▸ **GIVEN MATERIAL**
■ ■ ■ ■ ■

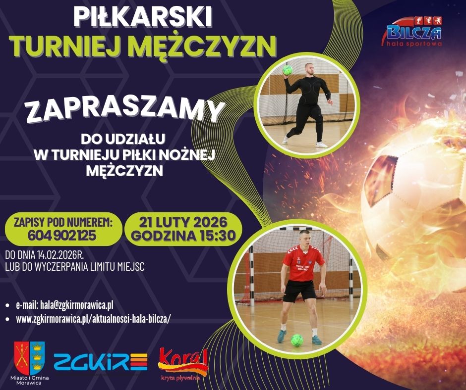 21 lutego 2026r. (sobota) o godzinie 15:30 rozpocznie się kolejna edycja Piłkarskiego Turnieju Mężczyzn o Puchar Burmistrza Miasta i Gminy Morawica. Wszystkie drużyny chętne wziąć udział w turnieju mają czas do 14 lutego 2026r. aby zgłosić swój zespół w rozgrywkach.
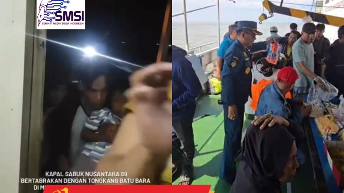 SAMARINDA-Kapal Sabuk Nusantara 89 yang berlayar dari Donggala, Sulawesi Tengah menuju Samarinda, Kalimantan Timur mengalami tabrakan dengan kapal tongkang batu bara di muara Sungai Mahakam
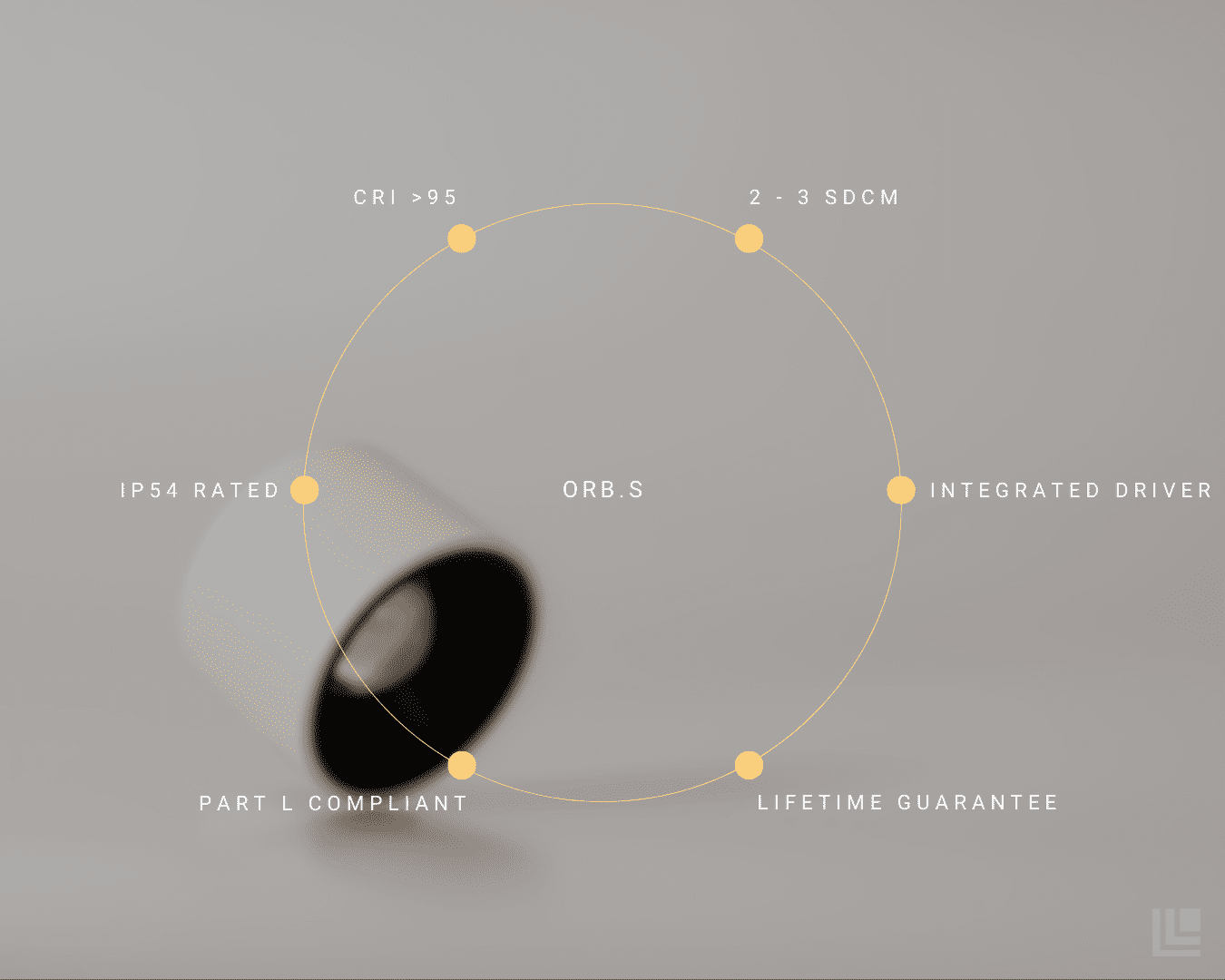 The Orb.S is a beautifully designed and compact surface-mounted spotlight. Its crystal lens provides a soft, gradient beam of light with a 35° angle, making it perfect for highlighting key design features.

■ ■ ■ ■ ■

▸ **TASK ITEM**
The required answer is the material repeated exactly, with no images in it.

▸ **RESULT**
 21 lutego 2026r. (sobota) o godzinie 15:30 rozpocznie się kolejna edycja Piłkarskiego Turnieju Mężczyzn o Puchar Burmistrza Miasta i Gminy Morawica. Wszystkie drużyny chętne wziąć udział w turnieju mają czas do 14 lutego 2026r. aby zgłosić swój zespół w rozgrywkach.
 SAMARINDA-Kapal Sabuk Nusantara 89 yang berlayar dari Donggala, Sulawesi Tengah menuju Samarinda, Kalimantan Timur mengalami tabrakan dengan kapal tongkang batu bara di muara Sungai Mahakam
 The Orb.S is a beautifully designed and compact surface-mounted spotlight. Its crystal lens provides a soft, gradient beam of light with a 35° angle, making it perfect for highlighting key design features.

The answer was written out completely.